Over the past few months we have seen an increase in number of interop cases with Exchange 2010 Unified Messaging (UM) and Cisco Call Manager 7.0 (Configuration Notes) and 8.0 (Configuration Notes) (CCM). In this article I am going to talk particularly about one case that has seen the most hits which has also been pointed out in the configuration notes.
During migration from UM 2007 to UM 2010 the UM design requires that CCM is pointed directly to UM 2010 for Outlook Voice Access\Subscriber Access. In this co-existence scenario, UM 2010 will transfer the call to UM 2007 if the mailbox happens to reside on 2007 and users are able to access their mailboxes. There are two ways in which the transfer could be achieved - Re-Direct or Transfer. In SIP world this translates to the following messages -
Re-Direct - 302 Moved Temporarily (using the Contact header)
Transfer - REFER (using the Refer-To and Referred-By header)
Whether UM 2010 uses Re-Direct or a Transfer to move the call to UM 2007 depends if or not it was able to resolve who the user was. If it is able to resolve the user and find the mailbox UM 2010 does a Re-Direct, if it is not able to resolve the user to a mailbox it does a Transfer.
So what is the problem?
CCM does not completely work well with RFC 3515. This RFC defines the call transfer mechanism using REFER.
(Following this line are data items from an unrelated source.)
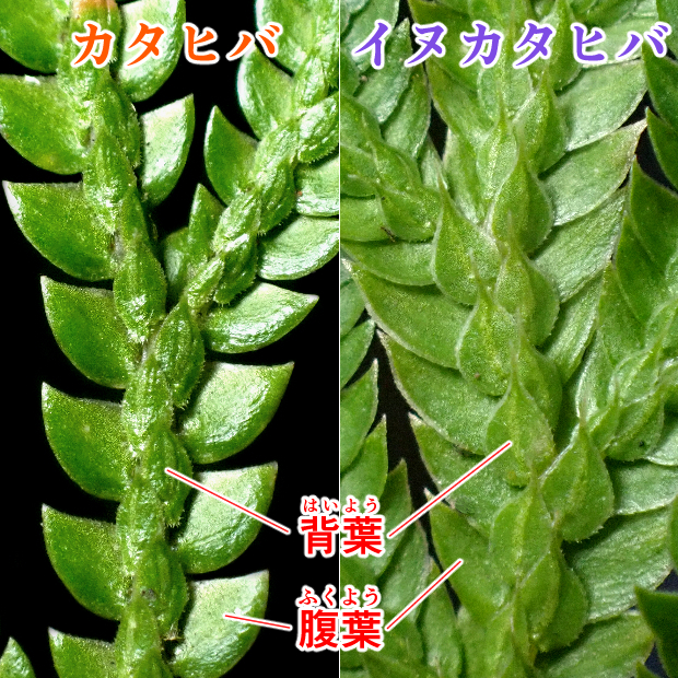 元から広く分布するカタヒバがよく間違われます。 カタヒバは山地に多くてあまり栽培されないので、 住宅地の石垣にモコモコと生えていたら大体イヌカタヒバですが、 それ以外にも例えば以下のような違いがあります。 じっくり観察してみましょう。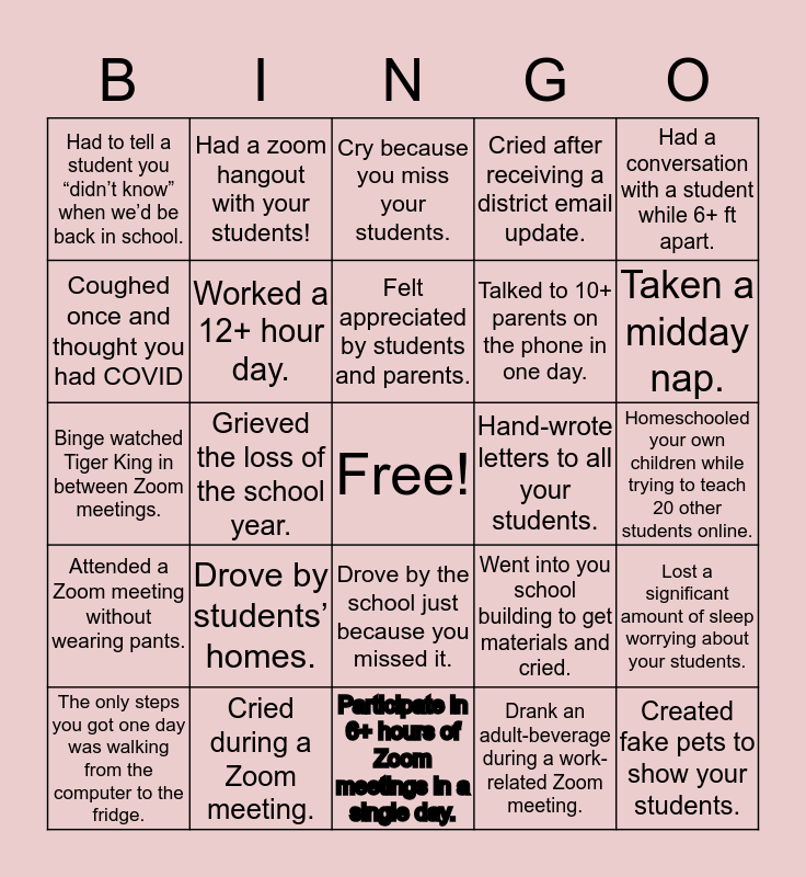 This bingo card has a free space and 24 words: Drove by students’ homes., Cried during a Zoom meeting., Felt appreciated by students and parents., The only steps you got one day was walking from the computer to the fridge., Had a conversation with a student while 6+ ft apart., Had to tell a student you “didn’t know” when we’d be back in school., Coughed once and thought you had COVID, Had a zoom hangout with your students!, Hand-wrote letters to all your students., Drove by the school just because you missed it., Talked to 10+ parents on the phone in one day., Binge watched Tiger King in between Zoom meetings., Went into you school building to get materials and cried., Lost a significant amount of sleep worrying about your students., Worked a 12+ hour day., Drank an adult-beverage during a work-related Zoom meeting., Homeschooled your own children while trying to teach 20 other students online., Cry because you miss your students., Taken a midday nap., Grieved the loss of the school year., Created fake pets to show your students., Attended a Zoom meeting without wearing pants., Cried after receiving a district email update. and Participate in 6+ hours of Zoom meetings in a single day..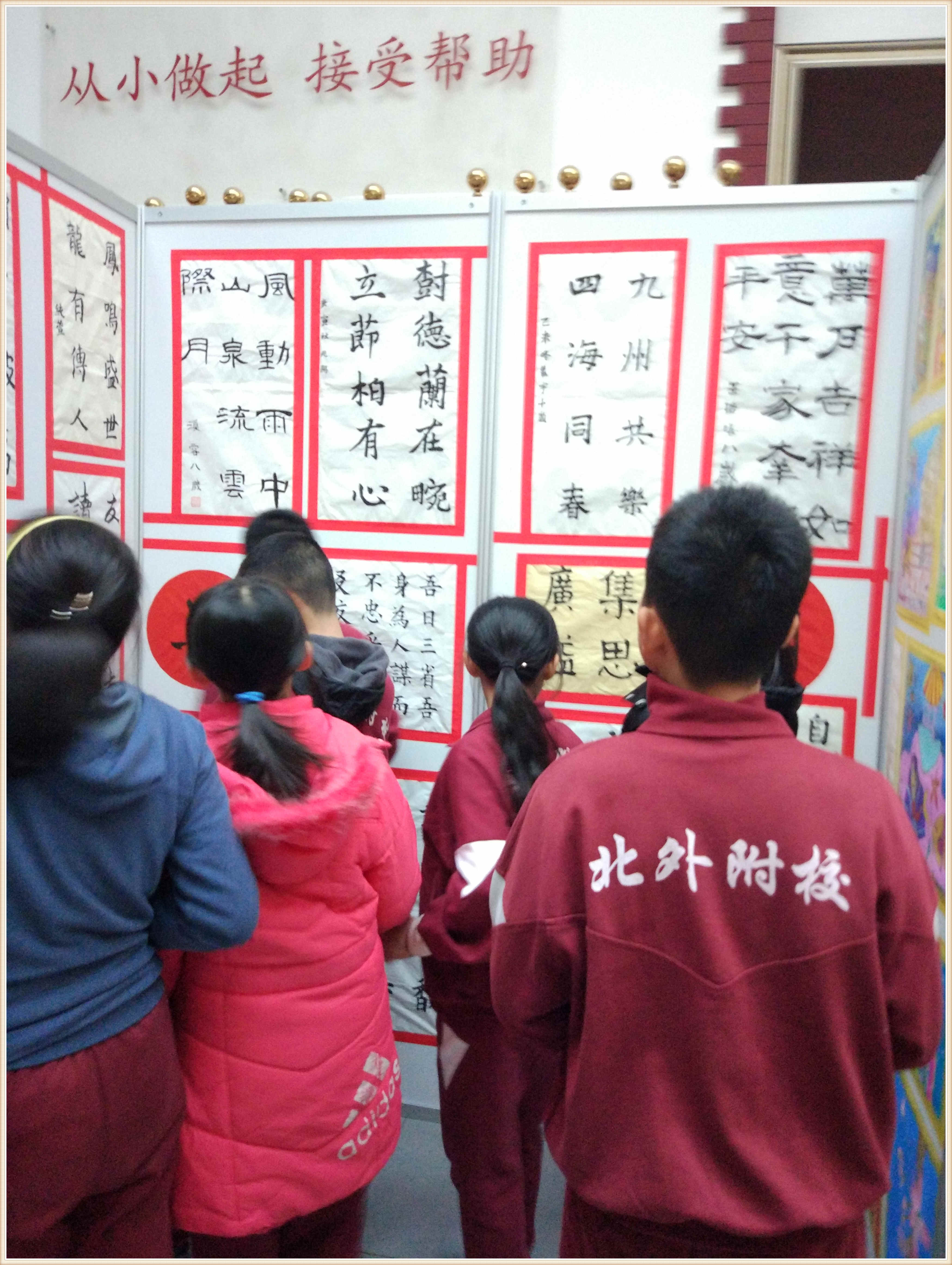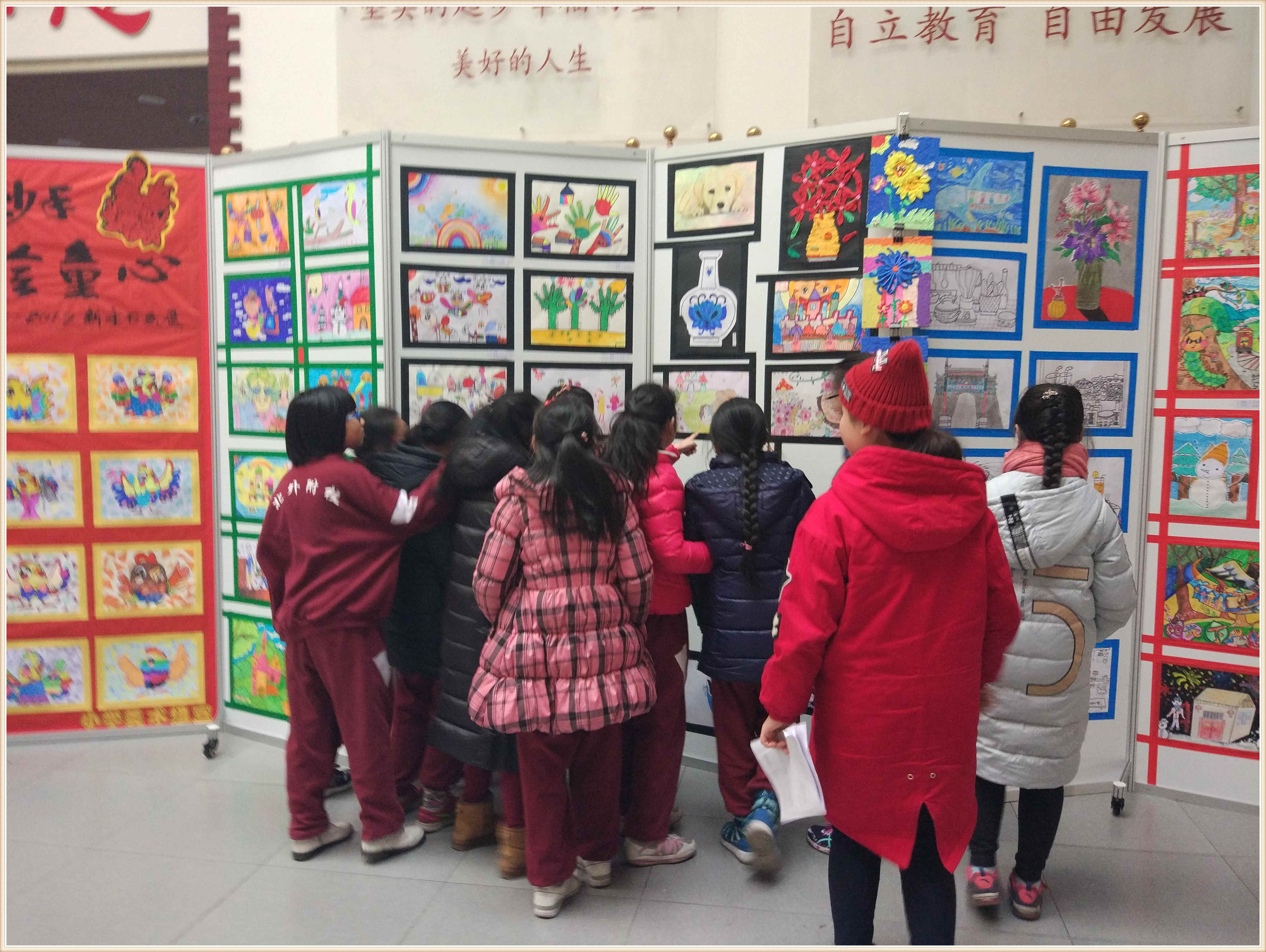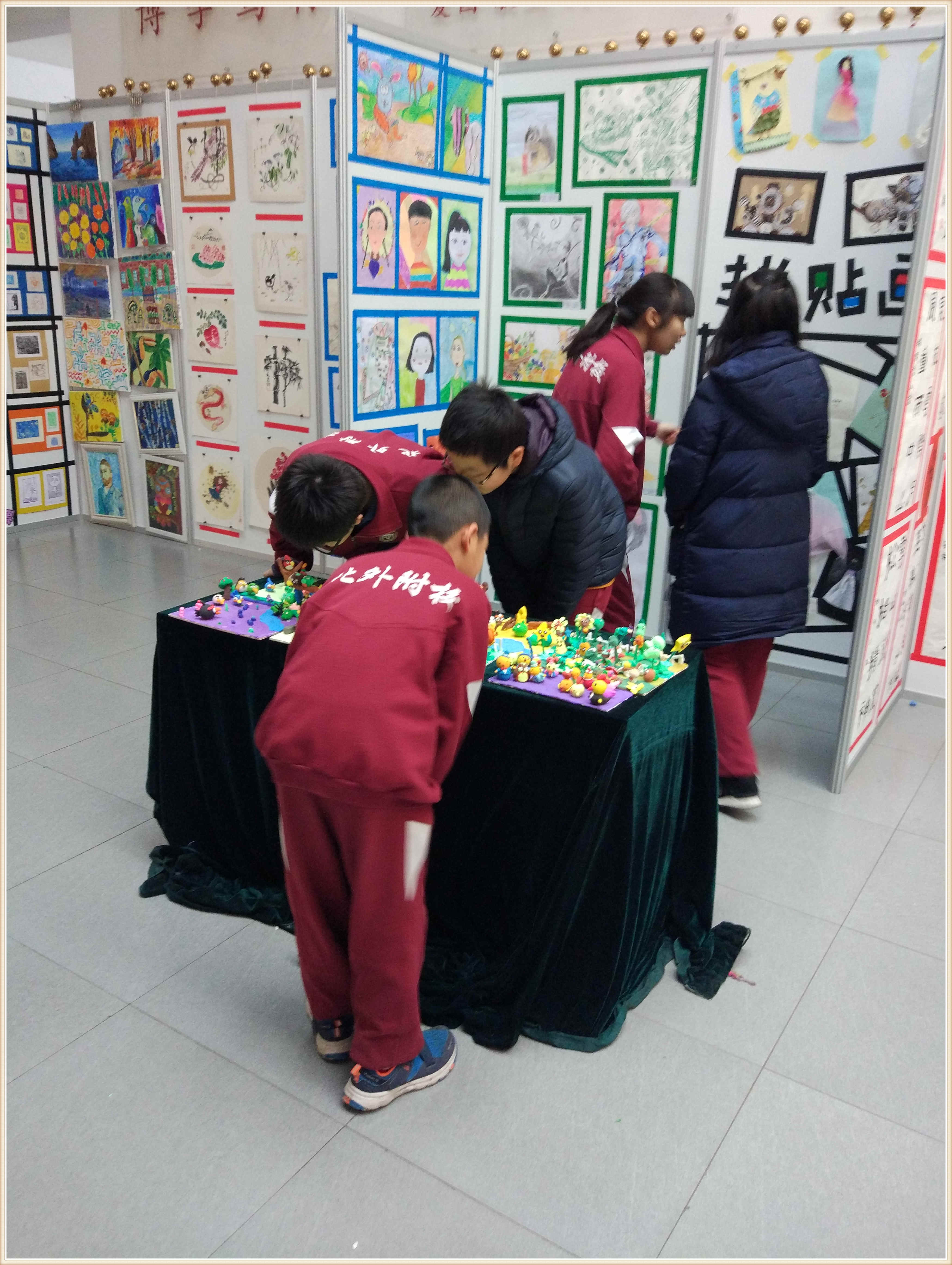 进入小教楼的展览厅,学生们马上被室内的展品吸引住了,这里的作品形式多样。学生们在老师的带领下首先参观了软笔书法展,那些笔走龙蛇的诗句和苍劲有力的书法作品,有的豪放、有的优雅生动,各具特色的风格让学生们赞叹不已。接着,大家参观了绘画作品,这里的作品内容丰富,有清新淡雅的水墨画、别具一格的油画、惟妙惟肖的拼贴画……这一幅幅精美的画作都是我校学生不懈努力的成果。

User behavior would be like this -
Solution -
The technical challenge is that if UM 2010 is not able to resolve the user, it has to answer the call and then prompt the caller to authenticate. A SIP call that is answered cannot be redirected and has to be transferred using REFER.
To understand the Caller ID resolution mechanism in UM 2010 go to this article. The article also points out a number of ways you can resolve caller id. Any of the mechanisms listed in the article - Pattern Matching, AD changes, Heuristics could be used to avoid this issue.